Data entries -
====
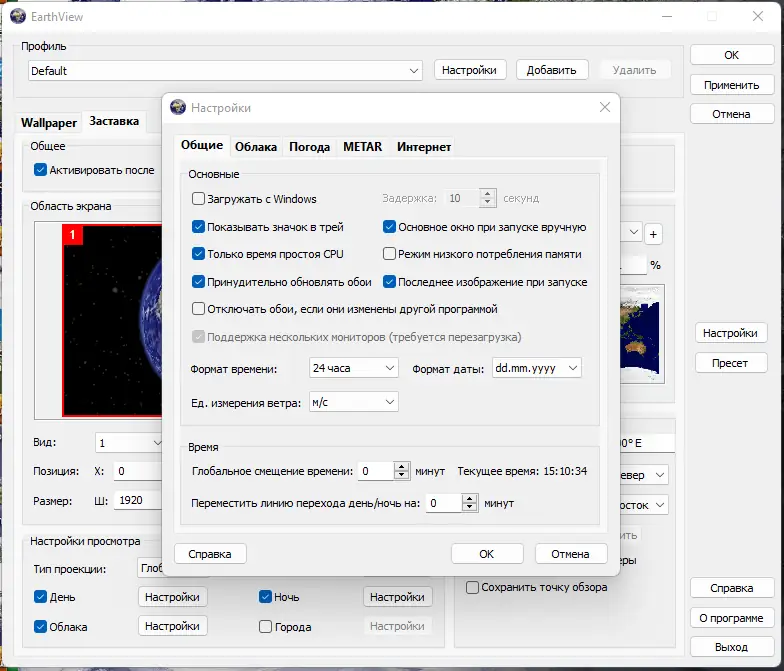 После установки EarthView автоматически запускается как обои или хранитель экрана, в зависимости от выбранного режима. Основные настройки доступны через контекстное меню на рабочем столе, где можно выбрать тип карты, включить отображение облаков, настроить уровень масштабирования и включить показ погодных данных. Пользователь может переключаться между разными проекциями, устанавливать интервал обновления изображений и задавать параметры отображения городов и их освещения. Для продвинутых пользователей доступна возможность загрузки дополнительных карт высокого разрешения и импорт пользовательских конфигураций из .dcf-файлов.
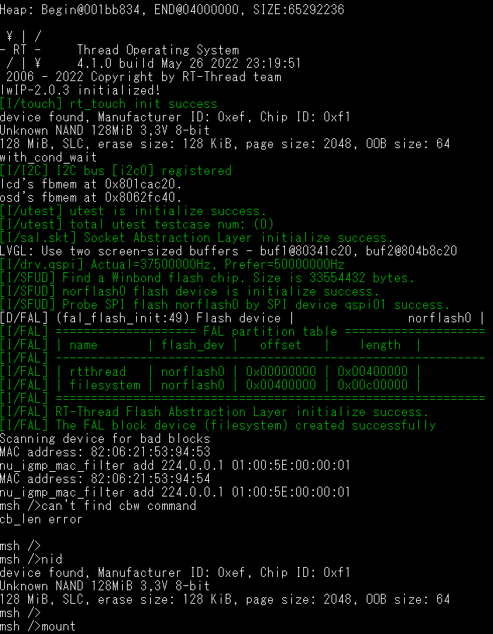 N9H30 FMI NAND controller driver for RT-Thread已實作完成,初步測試ok。
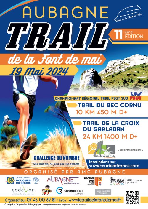 Au cœur du massif du Garlaban, , Le trail de la Font de Mai va offrir aux amateurs de collines provençales 2 courses pédestres de type trail Ces épreuves prennent leur départ à l’entrée du Parc de la Font de Mai à Aubagne et vont mener les participants sur des chemins traversant les communes de Roquevaire, Allauch et Aubagne, sur les sentiers chers à Marcel Pagnol. Un ravitos complet est prévu pour tous les participants à leur arrivée.
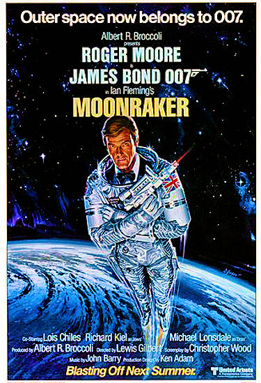 In 1975, so the legend goes, the phenomenon of the summer blockbuster was born with the release of Jaws – and was only consolidated by the even bigger release of Star Wars two years later. From then on Hollywood studios fell over themselves to outdo each other with bigger and more bankable adventure blockbusters-to-be each summer – and naturally Bond slipped as comfortably into this bracket as does his Walther in its shoulder holster. Eon and Bond studio United Artists were obliged to follow the new summer blockbuster marketing trend and unleash advance posters earlier than ever before for their latest 007 epics and Moonraker’s teasers (and the movie itself) is a prime example of this. Released in early ’79, the main advance poster (left) for the unashamedly Star Wars-influenced sci-fi fantasy not only leaves the viewer in absolutely no doubt Bond will, yes, enter space, but also informs them he’ll be ‘blasting off next summer!’. Talk about whetting the appetite months and months in advance. Which is a moot point because the alternative teaser for the US market (right) totally fails to do that; frankly, it’s dull as dishwater – even the Moore imagery’s borrowed from the Golden Gun campaign of five years before.
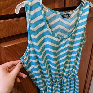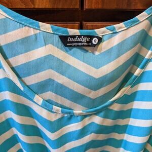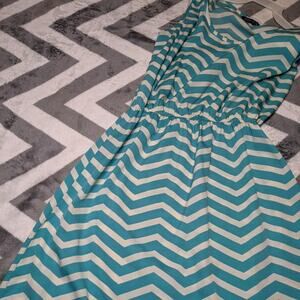 Indulge. Size small. High/low style dress covered in a teal blue and white Chevron pattern. Stretchy at the waist.
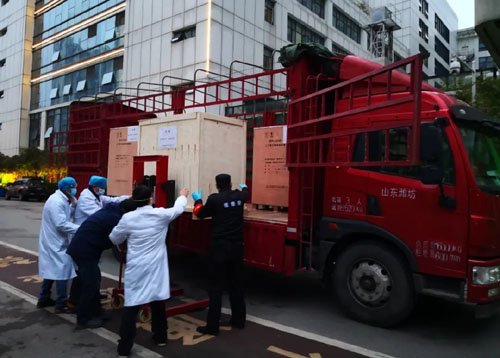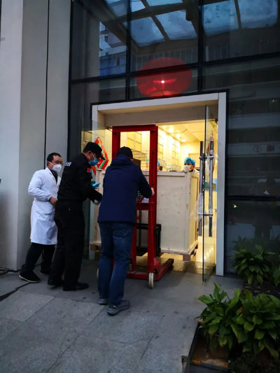 2月26日专车抵达武汉,设备分别送至武汉协和医院本院、武汉协和医院西院、武汉协和医院所管方舱医院等院区传染病病房。在武汉当地合作伙伴的帮助下一起完成设备的装机工作,并为协和医院的教授们提供设备的使用指导。
====
EXERCISE DIRECTIONS - Transcribe every entry word for word, but omit the pictures.

EXERCISE RESULT -
 После установки EarthView автоматически запускается как обои или хранитель экрана, в зависимости от выбранного режима. Основные настройки доступны через контекстное меню на рабочем столе, где можно выбрать тип карты, включить отображение облаков, настроить уровень масштабирования и включить показ погодных данных. Пользователь может переключаться между разными проекциями, устанавливать интервал обновления изображений и задавать параметры отображения городов и их освещения. Для продвинутых пользователей доступна возможность загрузки дополнительных карт высокого разрешения и импорт пользовательских конфигураций из .dcf-файлов.
 N9H30 FMI NAND controller driver for RT-Thread已實作完成,初步測試ok。
 Au cœur du massif du Garlaban, , Le trail de la Font de Mai va offrir aux amateurs de collines provençales 2 courses pédestres de type trail Ces épreuves prennent leur départ à l’entrée du Parc de la Font de Mai à Aubagne et vont mener les participants sur des chemins traversant les communes de Roquevaire, Allauch et Aubagne, sur les sentiers chers à Marcel Pagnol. Un ravitos complet est prévu pour tous les participants à leur arrivée.
 In 1975, so the legend goes, the phenomenon of the summer blockbuster was born with the release of Jaws – and was only consolidated by the even bigger release of Star Wars two years later. From then on Hollywood studios fell over themselves to outdo each other with bigger and more bankable adventure blockbusters-to-be each summer – and naturally Bond slipped as comfortably into this bracket as does his Walther in its shoulder holster. Eon and Bond studio United Artists were obliged to follow the new summer blockbuster marketing trend and unleash advance posters earlier than ever before for their latest 007 epics and Moonraker’s teasers (and the movie itself) is a prime example of this. Released in early ’79, the main advance poster (left) for the unashamedly Star Wars-influenced sci-fi fantasy not only leaves the viewer in absolutely no doubt Bond will, yes, enter space, but also informs them he’ll be ‘blasting off next summer!’. Talk about whetting the appetite months and months in advance. Which is a moot point because the alternative teaser for the US market (right) totally fails to do that; frankly, it’s dull as dishwater – even the Moore imagery’s borrowed from the Golden Gun campaign of five years before.
 Indulge. Size small. High/low style dress covered in a teal blue and white Chevron pattern. Stretchy at the waist.
 2月26日专车抵达武汉,设备分别送至武汉协和医院本院、武汉协和医院西院、武汉协和医院所管方舱医院等院区传染病病房。在武汉当地合作伙伴的帮助下一起完成设备的装机工作,并为协和医院的教授们提供设备的使用指导。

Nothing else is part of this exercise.